**DATA SECTION:**
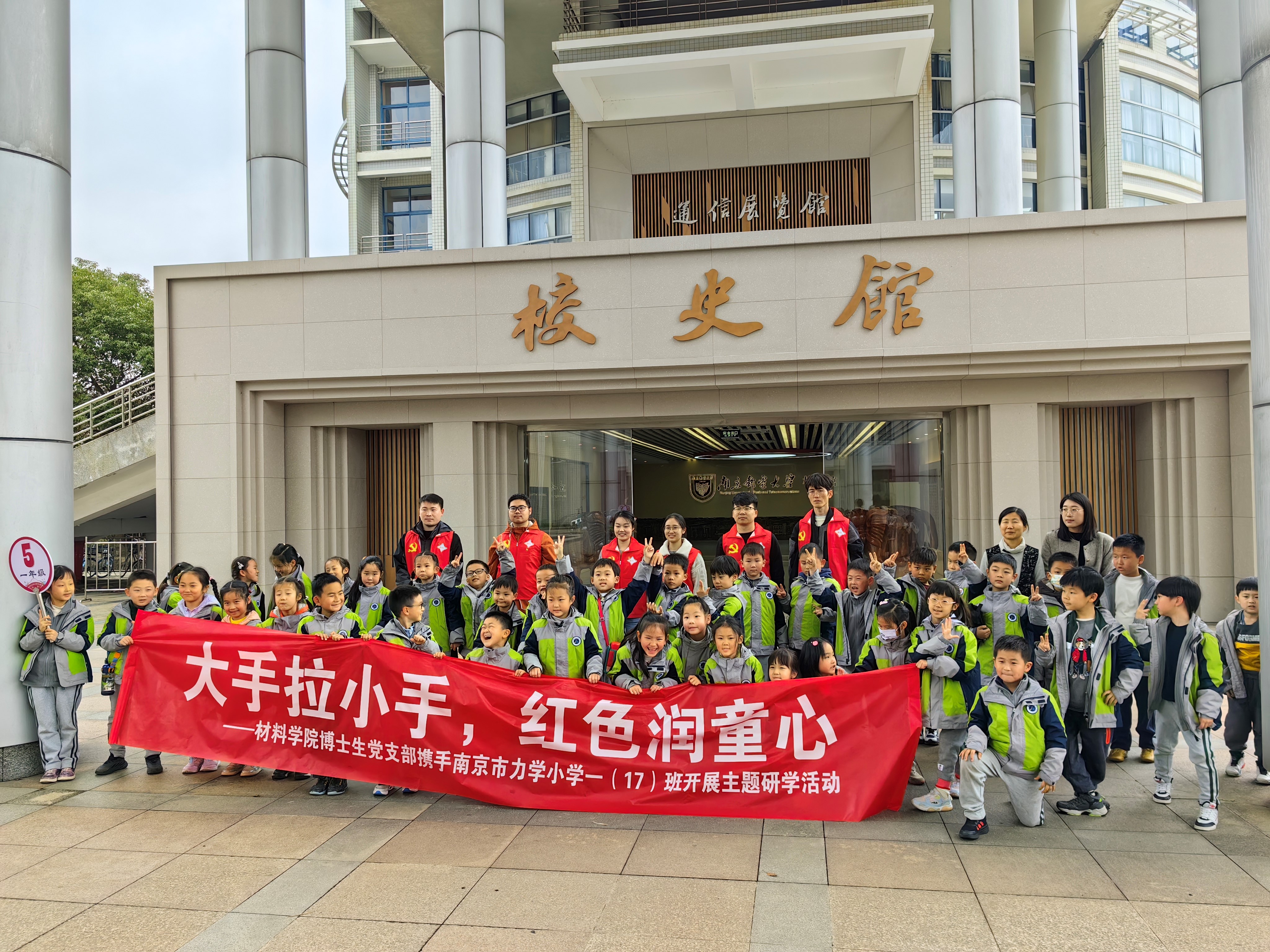 2024年3月28日,腐漫画 博士生党支部携手南京市力学小学一(17)班开展“大手拉小手,红色润童心”主题研学活动。博士生党支部部分党员、入党积极分子以及南京市力学小学一(17)班师生一行近60人参加。本次活动是博士生党支部开展的面向社会的党群共建志愿服务活动,得到了学院党委以及学院新能源材料与器件系党支部的大力支持。
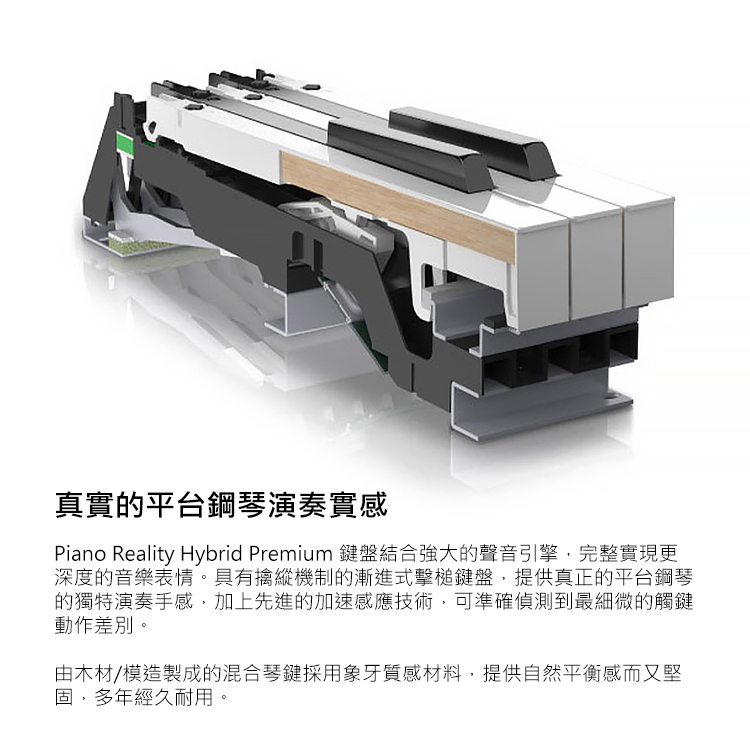 - Piano Reality Premium鍵盤配備漸進式擊槌機制、擒縱機制
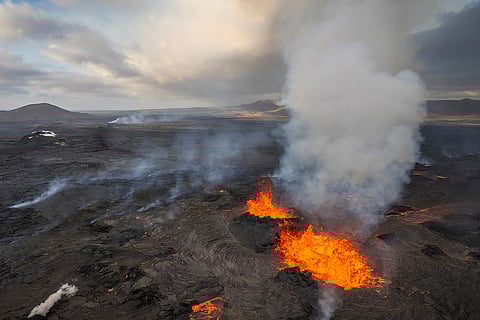 The main active craters of a volcano are seen in Grindavik, Iceland.

**PROBLEM TO SOLVE:**
With pictures omitted, copy exactly the lines from the one containing "- Piano Reality Premium鍵盤配備漸進式擊槌機制、擒縱機制" through the final line of the listing, both included.

**PROBLEM SOLUTION:**
 - Piano Reality Premium鍵盤配備漸進式擊槌機制、擒縱機制
 The main active craters of a volcano are seen in Grindavik, Iceland.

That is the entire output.